What to Do About the Keto Flu
Dealing with ketosis adaptation symptoms?
Many people have been drawn to the keto diet as a natural weight loss solution. We’ve talked about keto before, it’s the low carb, high fat, moderate protein diet. So far, the evidence says it works for weight loss in the short term, but the jury’s still out on keto’s long term effects.
Some folks have reported a number of undesirable side effects when first beginning the keto diet, called “keto flu” by those in the diet community. While it’s not as severe as its name might lead you to think, it can certainly be annoying. Wondering what to do about the keto flu? We looked into it so we could tell you!
What is the keto flu?
As your body switches from burning glucose to burning fat as an energy source, you enter the metabolic state known as ketosis. As you are cutting out most if not all carbs, your cells and organs may experience “withdrawal” from carbs. The keto flu is a common name for these “carb withdrawal symptoms” that may appear 2-7 days after starting keto.
What are the symptoms of the keto flu?
Symptoms include nausea, constipation, headaches, foggy brain, irritability, fatigue, and sugar cravings. These side effects vary person to person in severity and length, though they usually only last around a week. Some people starting the keto diet may never experience the keto flu, while others may have acute symptoms. Every body is different!

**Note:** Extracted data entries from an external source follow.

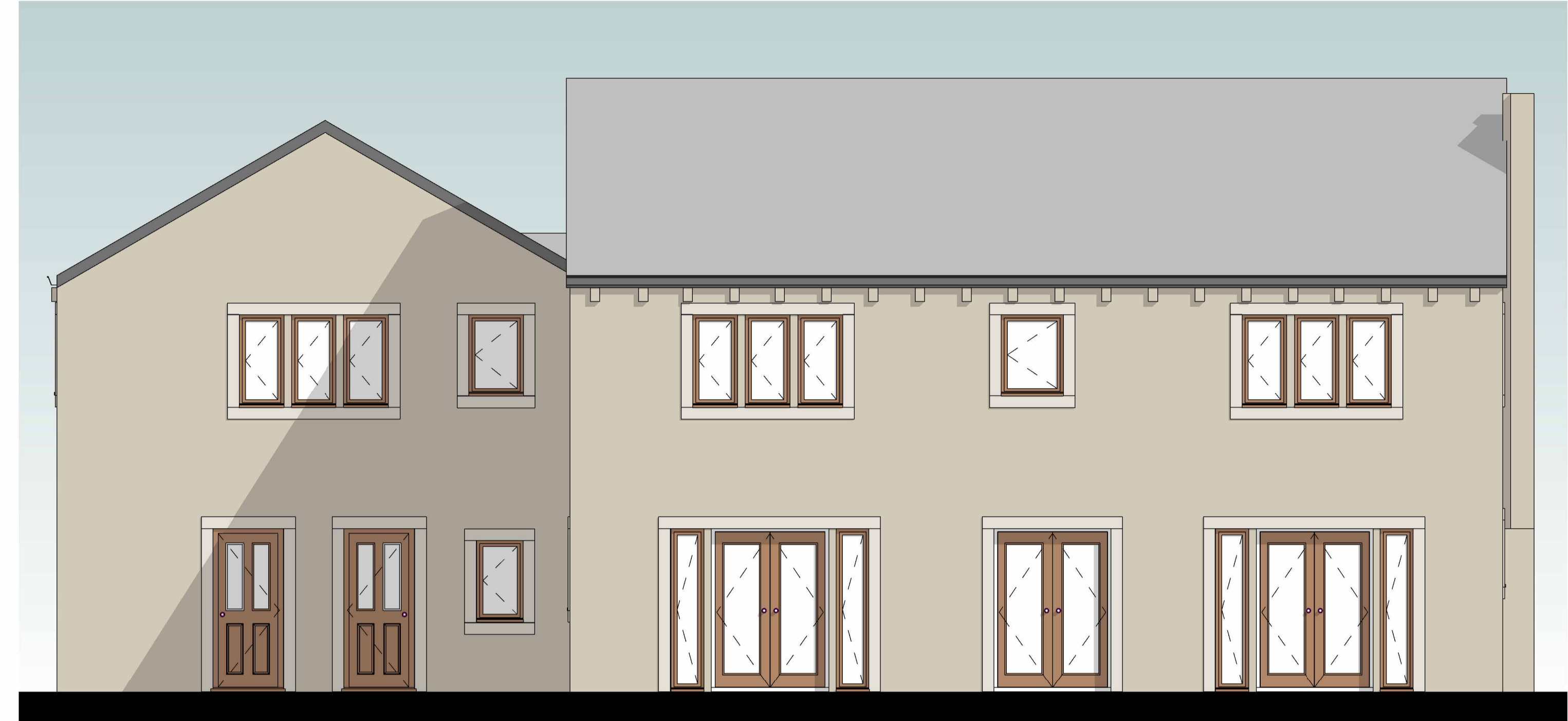
2 Ext. East Elevation (Rear) 1 : 50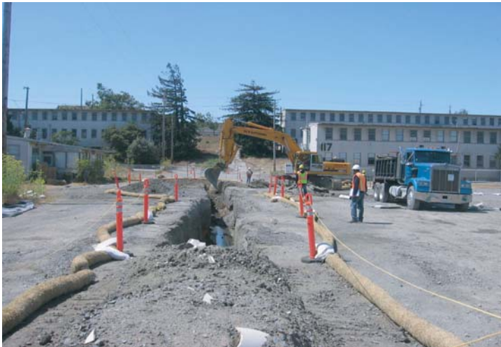
Sanitary Sewer/Stormdrain Line Removals at Parcel B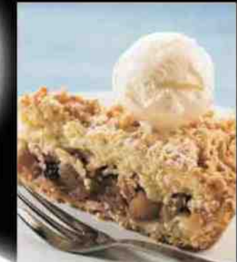
Country style apple pie made of MJ's signature pastry. $5.90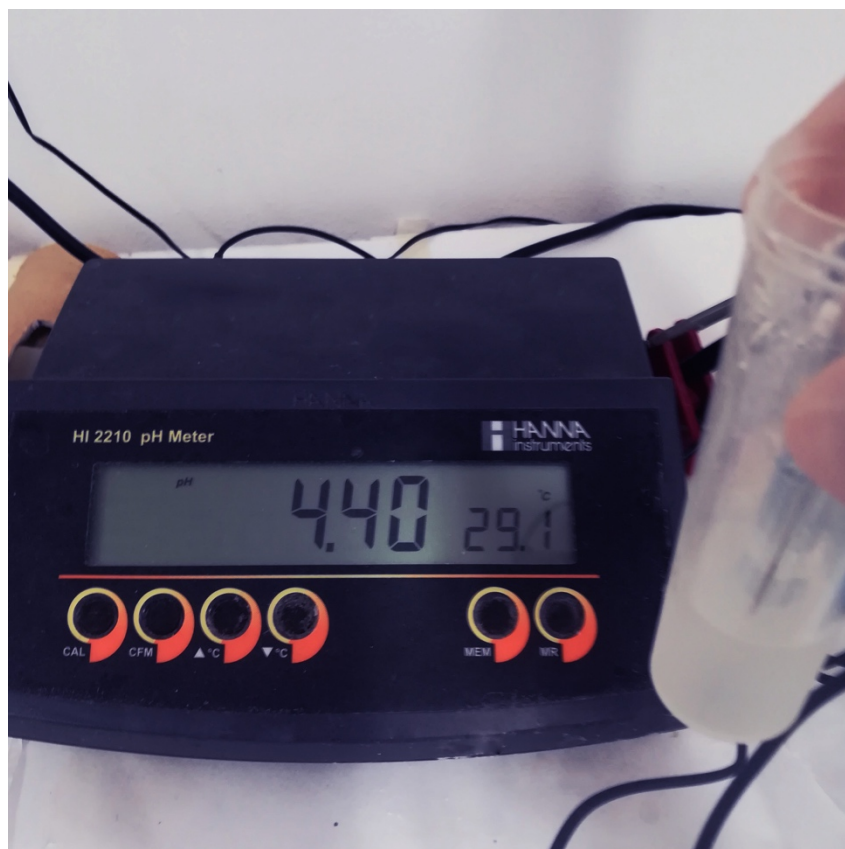
Figure S3: Measurement of the pH of a real sweat sample using a laboratory pH meter.

While the keto flu still hasn’t been recognized by scientific study, it’s a very popular topic within the health and diet communities. We do know that ketosis is a very real process that occurs in starvation, fasting, and low-carb diets, but its side effects have only been recorded anecdotally.
What causes keto flu?
While we're still not sure what exactly causes keto flu symptoms, there are a number of theories:
- Carb withdrawal
- Sugar/processed food withdrawal
- Lower blood sugar levels
- Electrolyte depletion
- Changes in hormone levels
What to do for the keto flu:
Soft exercise: You don’t need to overdo it at the gym while practicing the keto diet, but light exercise is a great way to mitigate some of the physical adaptation symptoms of ketosis. Opt for low-intensity exercises like walking, swimming, or yoga to boost your energy levels and relax your muscles.
Hydrate: Switching over to ketosis means you’re going to be pumping a lot more salt and water through your kidneys. As such, dehydration is responsible for a lot of the symptoms often attributed to keto flu. Make sure to drink water at regular intervals or whenever you feel thirsty. You’ll also be passing a lot of electrolytes and other salts, so don’t forget to replenish those as well to avoid cramps.
Eat a lot of healthy fats: One of the pillars of the keto diet is replacing carb intake with fat consumption. When your body is in or entering ketosis, fat becomes your main caloric fuel source. Without enough calories, you may experience more symptoms of “keto flu.”
Sleep hygiene: Our rest is delicate and crucial to our wellbeing. Switching up your diet can affect your sleep patterns, so make sure to support healthy sleep in other ways. Wake up and go to bed at the same time each day, avoid tv or phones for one hour before sleep, and minimize ambient light.
Don’t waste money on supplements: there are plenty of products promising to mitigate or eliminate ketosis adaptation symptoms. None are approved by the FDA, and you’ll be much better off taking care of your health naturally through proper exercise, sleep, and diet.
The keto flu is a collection of symptoms that may occur during the early stages of ketosis adaptation. These common side effects include nausea, headaches, lethargy, diarrhea, and sugar cravings. They aren’t debilitating, however, and can be reduced with proper sleep, hydration, and light exercise.
The keto diet isn’t for everyone, and it’s important to know what you’re getting into before starting keto. Don’t forget to talk to a doctor before you start any new diet, or if you experience severe/prolonged side effects from a diet.